What else was in the Ark? Manna, we’re told – the daily bread God provided on the dew each morning to sustain the Israelites in their 40-year desert wanderings.  Also, Aaron’s rod was placed inside the Ark, a potent symbol of leadership into the Promised Land.

The Ark was portable, and went with the Israelites in battle and on retreat from fierce enemies.  When Joshua crushed Jericho, by walking seven times around the city, and then sounding trumpets, the Ark led the procession. Homes where the Ark was protected received special blessings. A small subset of Levites were allowed to go before the Ark, where God’s special presence was reserved. The wrong folks died if they got too close or touched the Ark.

The Temple

The Ark was brought to Jerusalem when King David designated this holy city as his capital in 866 BC. David was denied the privilege, because too much blood had stained his hands. David’s son, King Solomon, built the first Temple in Jerusalem in 825 BC.  In the midst of the Temple, a sanctuary room called “The Holy of Holies” was prepared, in which the Ark was placed. When the priests placed the Ark in the Holy of Holies, a cloud of witnesses signaled God’s presence. Solomon’s Temple stood for 400 years.

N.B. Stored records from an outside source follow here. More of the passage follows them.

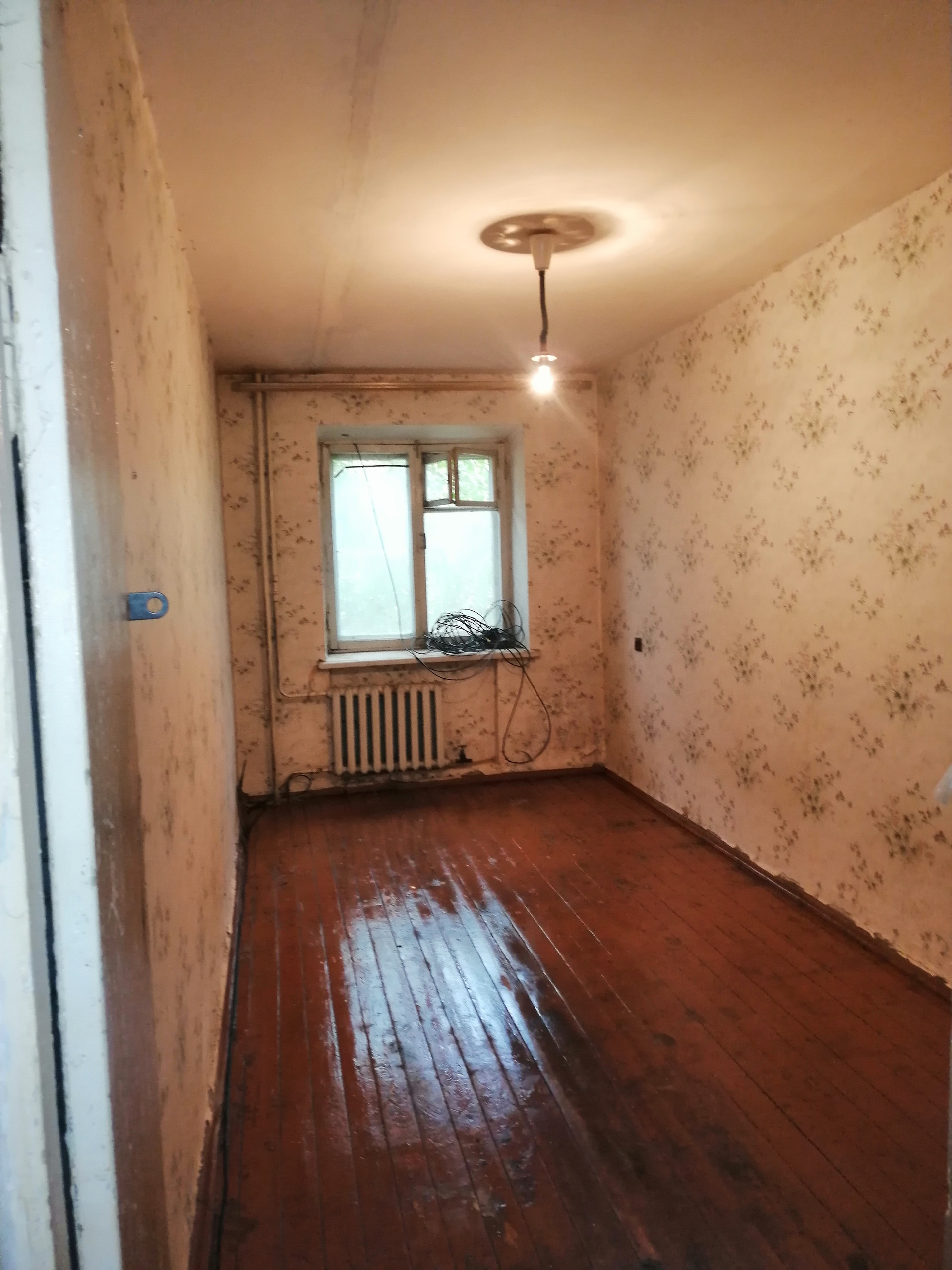 В квартире нужен капитальный ремонт. На кухне окно пластиковое,входная дверь новая. Из зала идёт вход в большую спальню, из прихожей вход в другую спальню. Комнаты большие, большая прихожая, туалет и ванная раздельно. Окна выходят на 2 стороны дома. Сделать ремонт и будет хорошая 3х комнатная  квартира в центре города. От собственников.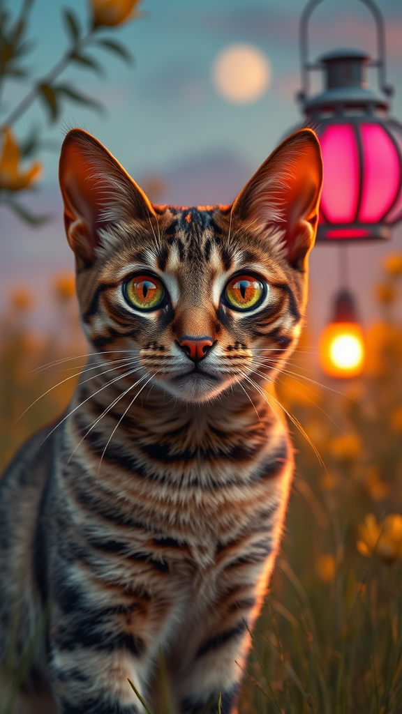 Bengal cat with striking amber eyes, set in a vibrant sunny landscape, showcasing intricate fur detail and hyper-realistic textures, captured with photorealism techniques. The scene is enhanced with subtle neon light accents and lantern illumination, viewed from a third-person perspective. Natural elements blend seamlessly with cinematic quality, employing advanced ray tracing for depth. Shot with the clarity of a Nikon D750 in 8K resolution, featuring HDR attributes to highlight every fine detail, maintaining a balance of natural light and color contrast for an immersive experience.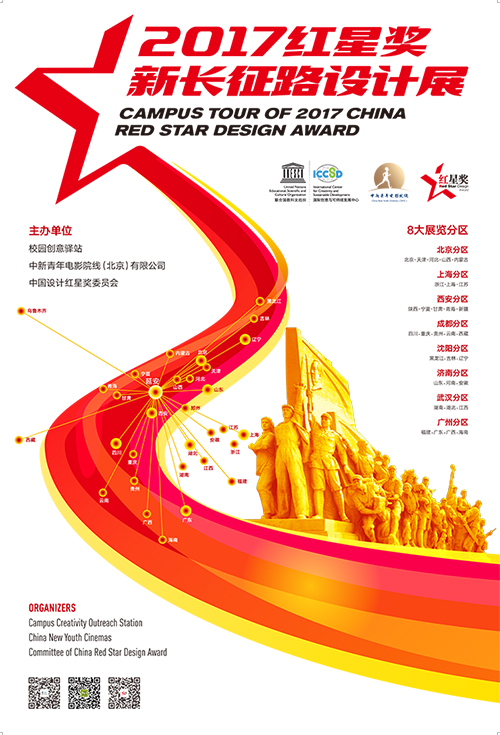 “2017红星奖新长征路设计展”由中国设计红星奖委员会、校园创意驿站与中新青年电影院线(CNYC)联合主办,旨在通过对优秀创意的展示、好设计产品的体验互动,启发青年人的创造性思维。展览以重走长征路的形式,在北京、上海、西安、武汉、成都、沈阳、济南、广州8个分区举办,覆盖全国300所以上高校。展览带着工业、建筑、文化、可持续等领域的优秀创意作品走进校园,走近青年,在丰富校园文化生活的同时,激发青年们的创新热情。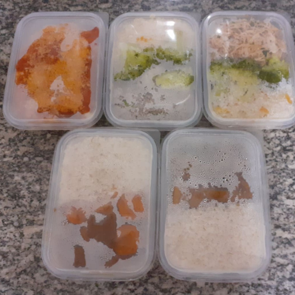 Kit com 5 marmitas com as seguintes variações : Frango desfiado com purê de batata doce e brócolis/ arroz integral com panqueca de frango/ carne moída com purê de batata doce e brócolis/ Arroz integral com cenoura, frango desfiado e brócolis/ Arroz integral com carne de panela e cenoura - Marmitas nºs 12/14/15/17/18 Peso Total: 2000g - Produto congelado - Entrega em até 48 horas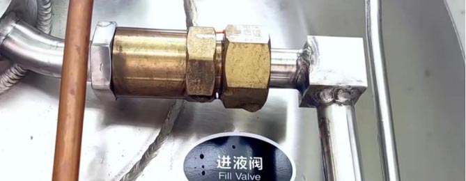 务必佩戴手套操作气瓶上的出液阀、增压阀、放空阀,避免低温冻伤。顺时针旋转为关闭阀门,逆时针旋转为开启阀门。开启阀门到最大角度时,建议回转10-20度,以避免低温结冰冻住阀芯。如果阀门被冻住,也不要用锤子和撬棍敲击,应该用温水持续浇注,融化冰霜后再对阀门进行操作。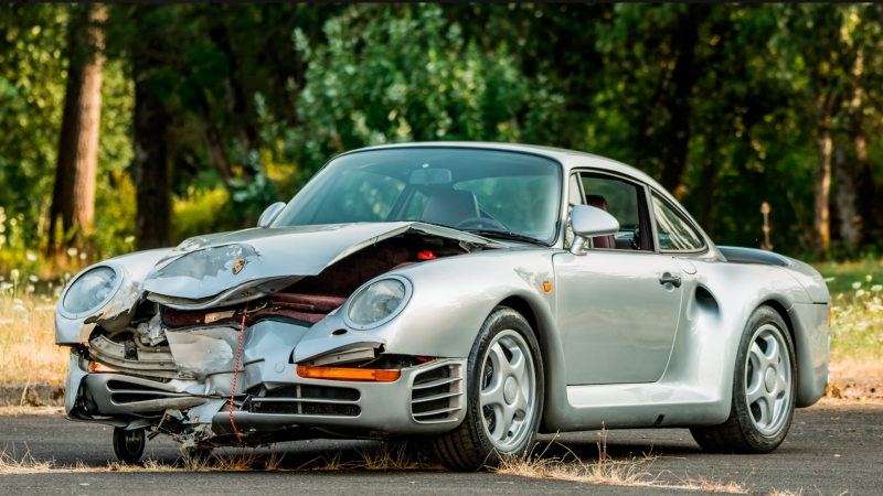 It’s gotta be a real downer to absolutely destroy the beautiful car you’re looking to sell. It’s gotta be even stranger to check out the Mecum Auctions site and find a 1987 Porsche 959 Komfort with a shitload of front-end damage without a single mention as to, uh, why the hell the passenger side front wheel is missing.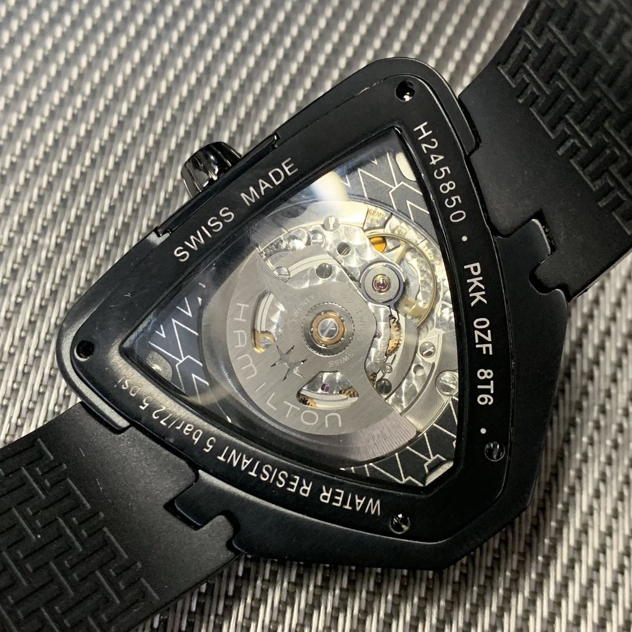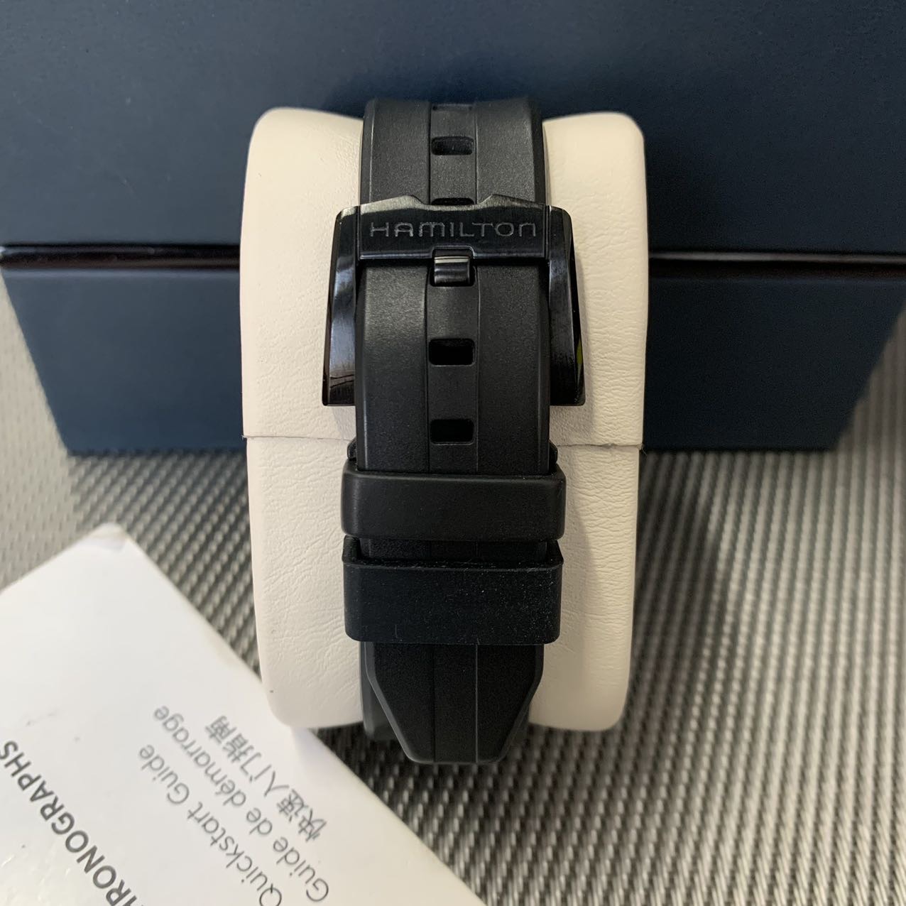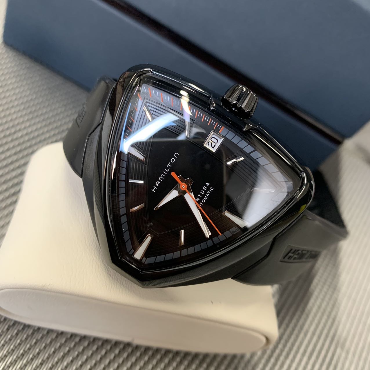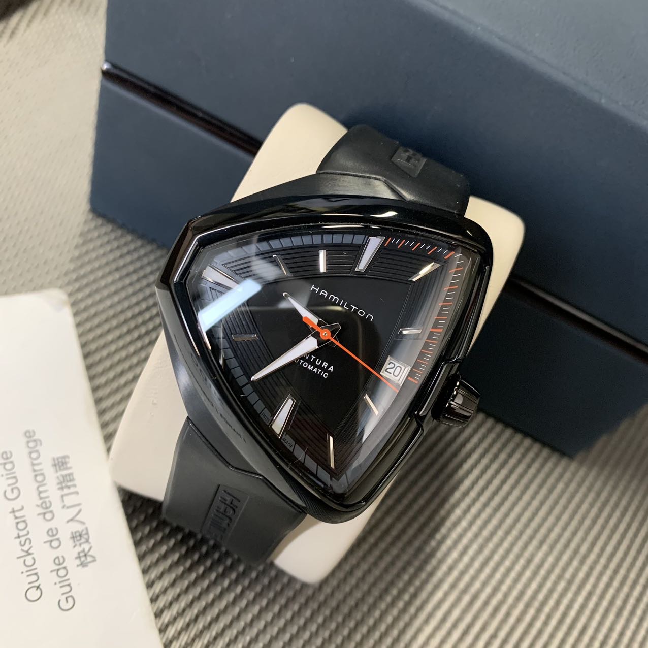 汉密尔顿探险系列-猫王纪念款,公价11000元,表径44mm。全套附件齐全,极品成色97新,PVD电镀黑表壳,子弹形设计表壳 散发出一种奋勇拼搏的精神,高颜值夸张设计 弧形流线佩戴舒适。

The Babylonians burned the temple to the ground in 423 BC. What happened to the Ark remains unknown. Some say tunnels were built by Solomon to enable safe hiding in case of war.  After a series of conquerors, the Temple was rebuilt in 352 BC, during the reign of the Persian ruler, Cyrus the Great. The new “Holy of Holies” was an empty chamber, though filled with God’s presence. The Temple was the center of sacrifice, daily offerings to God to repent of the sins of the Jewish people. Each family made a pilgrimage to Jerusalem to offer sacrifice for the sins of their family once a year at the Passover. Today, in synagogues around the world, a tabernacle reserves scrolls of the Torah, which are pulled out for readings during the service.

During Herod’s rule the Temple was expanded, beginning in 20 BC. This is where Mary was presented at the Temple, and where the young Mary was selected among the holy maidens, under age 12, to sew the veil of the Temple.  A two-layered veil hid the Holy of Holies, which only the High Priest entered once a year on the Day of Atonement (Yom Kippur).

This was the Temple of the Holy Family’s visited at the annual Passover pilgrimage, where they “found” Jesus at age 12, after he was “lost” for three days. The veil was torn in two at the Crucifixion, signaling God’s presence in our midst. Nothing veils God’s presence to His Creation once the Son is born among His people. And His blood sacrifice is sufficient to forgive the sins of the world.

After another 400 years, that second Temple, built by Cyrus, was destroyed by the Romans in 70 AD in the mist of The Great Revolt. Jesus foretold the destruction of the temple 42 years earlier, when he died on the Cross in 28 AD. Efforts to rebuild a physical temple in Jerusalem have failed.

Jesus and the Temple

Jesus spoke with authority in the Temple, even at a young age. He turned over the tables of the money-changers, decrying the corruption of His Father’s house. Jesus and his Disciples were in Jerusalem, near the Temple, when they rented a room to celebrate the Passover, which became the Last Supper. The Passover was completed when Jesus was on the Cross.

Jesus presented, at the Last Supper (and First Eucharist) His Body and Blood in the blessing he shared with the 12, and which we participate in during Mass. Jesus’ presence remains in the Tabernacle in each Catholic Church, where His Body is reserved in the Eucharist. A candle shines perpetually to remind us of His Presence.



We are His Temple

When we partake of His Body and Blood, Jesus dwells within us. We carry His Presence everywhere we go, just like the Israelites of old carried the Ark of the Covenant into battle with them.

Just as the tiniest crumb of the Eucharist or the slightest drop of the Sacred Blood contains the wholeness of Jesus, so we, though small and broken, house Jesus and transport Him throughout the world. Indeed we “are not our own.”